Все обязательства растаяли, исчезли, а вместе с ними исчезла и реальность. Я погряз в безделье. Мне нравилось поздним вечером, когда толпа туристов пропадала с улиц и даже Карлов мост был пустынен, стоять на мосту над Кампой, освещенной желтыми кругами фонарей, и слышать звонкие гортанные голоса девушек и юношей, прогуливающих внизу, вокруг площади, своих собак. К юношеской звонкости примешивалась особая славянская мягкость, напоминавшая мне о “«Адзьу» с призывным и протяжным «у»” из “Смерти в Венеции”, и звук голосов сливался с матовым блеском старинной мостовой, высвечиваемой фонарями, с темными силуэтами святых на мосту на фоне черной воды и с вывеской кофейни под названием “У трех страусов”, здесь же, под мостом, и находящейся. Голоса, свет, святые, страусы – все было совершенно и ирреально.

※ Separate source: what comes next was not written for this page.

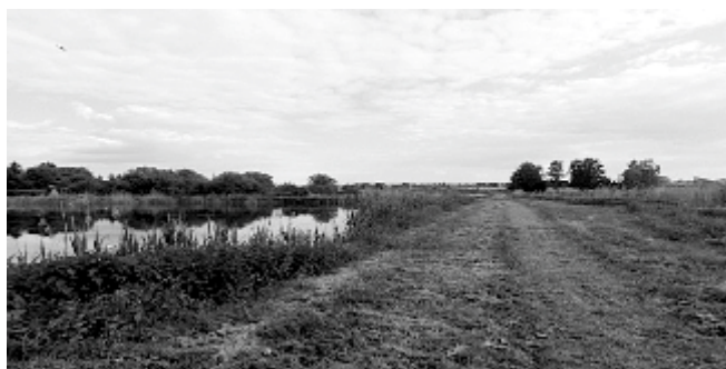
Grobla wśród stawów na Łanach, prowadząca do dawnego dworu obronnego

Мне страшно захотелось перечитать “Зимнюю сказку” Шекспира по-английски. Все же эта пьеса – самая прекрасная мифологема Богемии, да и название у нее замечательное, сыплется мелкий снег, и все пропитано сентиментальным умилением, являющимся оборотной стороной жестокости, хотя в пьесе герои глуповаты, муж жену от статуи отличить не может, сюжет нелеп, и у Шекспира Богемия находится на берегу моря. С целью разыскать “Зимнюю сказку” я отправился в библиотеку Европейского университета, находящуюся в недрах моего бетонного жилища, довольно обширную. В основном ее заполняли книги общественно-политические, но был также большой раздел искусствоведения и несколько шкафов художественной литературы. Подборка была типично американская, искусствоведческая литература состояла в основном из опубликованных диссертаций американских университетов, вроде монографии о символике полового члена Младенца Иисуса в ренессансной живописи. “Зимней сказки” я не нашел, равно как и Шекспира вообще, но зато целая полка одного из шкафов была уставлена английскими переводами Жана Жене.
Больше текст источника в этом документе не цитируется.